ISLAMABAD (Reuters) – Pakistan’s Prime Minister Imran Khan will fly to Moscow this week to meet Russian President Vladimir Putin, Islamabad confirmed on Monday – the first such trip by a Pakistani leader in two decades.
The two-day visit, starting on Wednesday, was planned before the current crisis over Ukraine.
“During the Summit meeting, the two leaders will review the entire array of bilateral relations including energy cooperation,” Pakistan’s foreign office said in a statement, adding that Khan and Putin will also discuss issues including the situation in Afghanistan.
Relations between Pakistan and Russia were minimal for years as Islamabad sided with the United States in the Cold War and was given Major Non-NATO Ally status by Washington after U.S. forces invaded Afghanistan in 2001.

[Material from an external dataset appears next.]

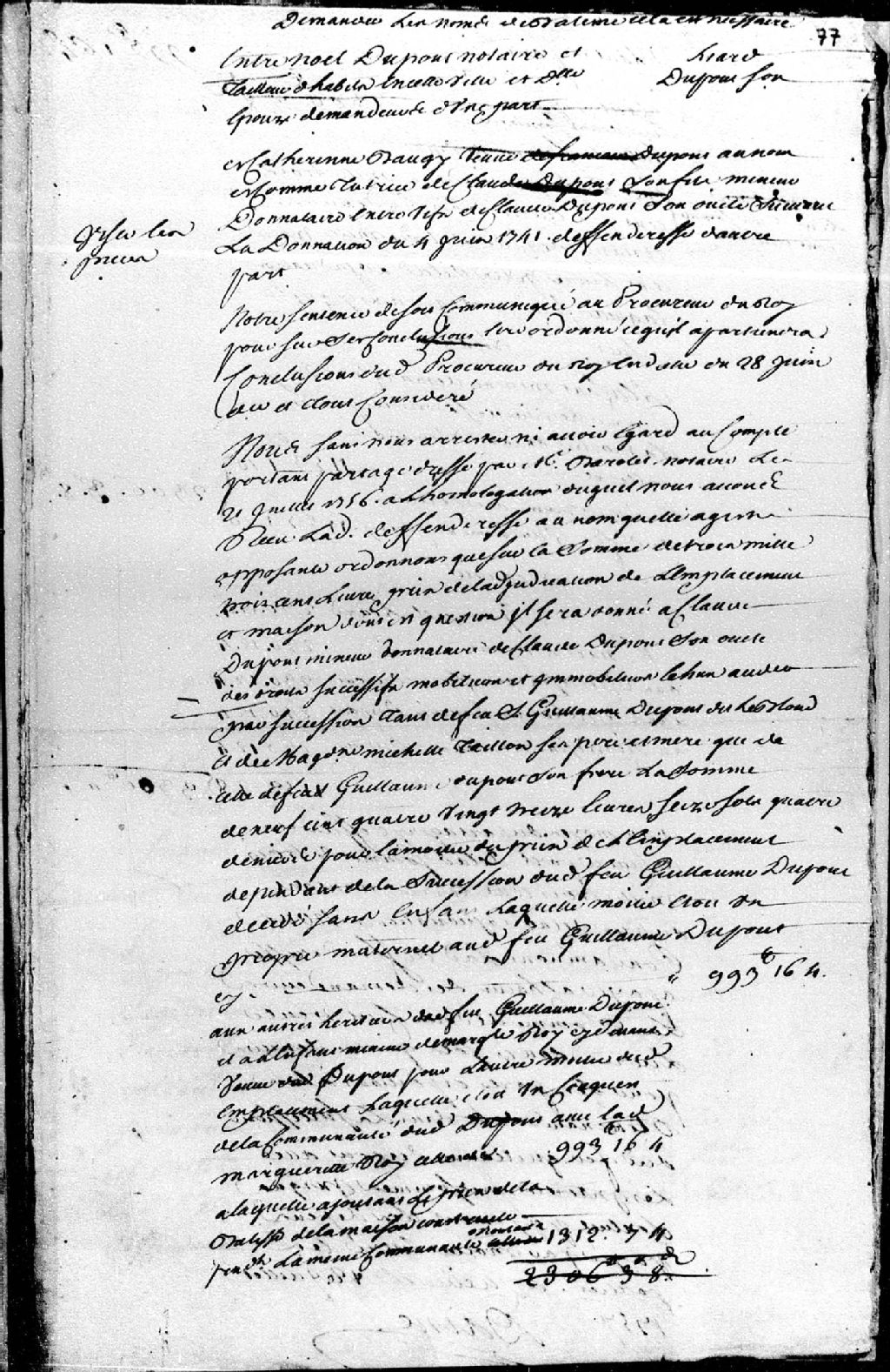 Cause entre Noël Dupont, notaire, et le nommé Liard, tailleur d'habits de Québec, et demoiselle Dupont, son épouse, demandeurs, et Catherine Baugis, veuve de feu François Dupont, au nom et comme tutrice de Claude Dupont, son fils mineur, donataire entre vifs de Claude Dupont, son oncle, suivant la donation du 4 juin 1741, défenderesse, à propos de l'adjudication d'une maison et d'un emplacement ; mention des conclusions du procureur en date du 28 juin 1757 ; mention d'un acte de partage dressé par maître Barolet, notaire, le 21 juillet 1756 ; mention de la succession des défunts Guillaume Dupont dit LeBlond et Madeleine-Michelle Taillon ; une sentence est prononcée et la demanderesse est condamnée à payer à chacun des demandeurs la somme de 230 livres, 12 sols et 4 deniers

In recent years, however, relations between the United States and Pakistan have deteriorated and there has been a thawing between Moscow and Islamabad, which has seen the planning of projects in the gas and energy fields.
In an interview published on Monday, Khan played down the timing of the visit, and any effect it would have on Pakistan’s relations with the West.
“This visit was planned well before the emergence of the current phase of Ukrainian crisis … I received the invitation from President Putin much earlier,” he told Newsweek Pakistan.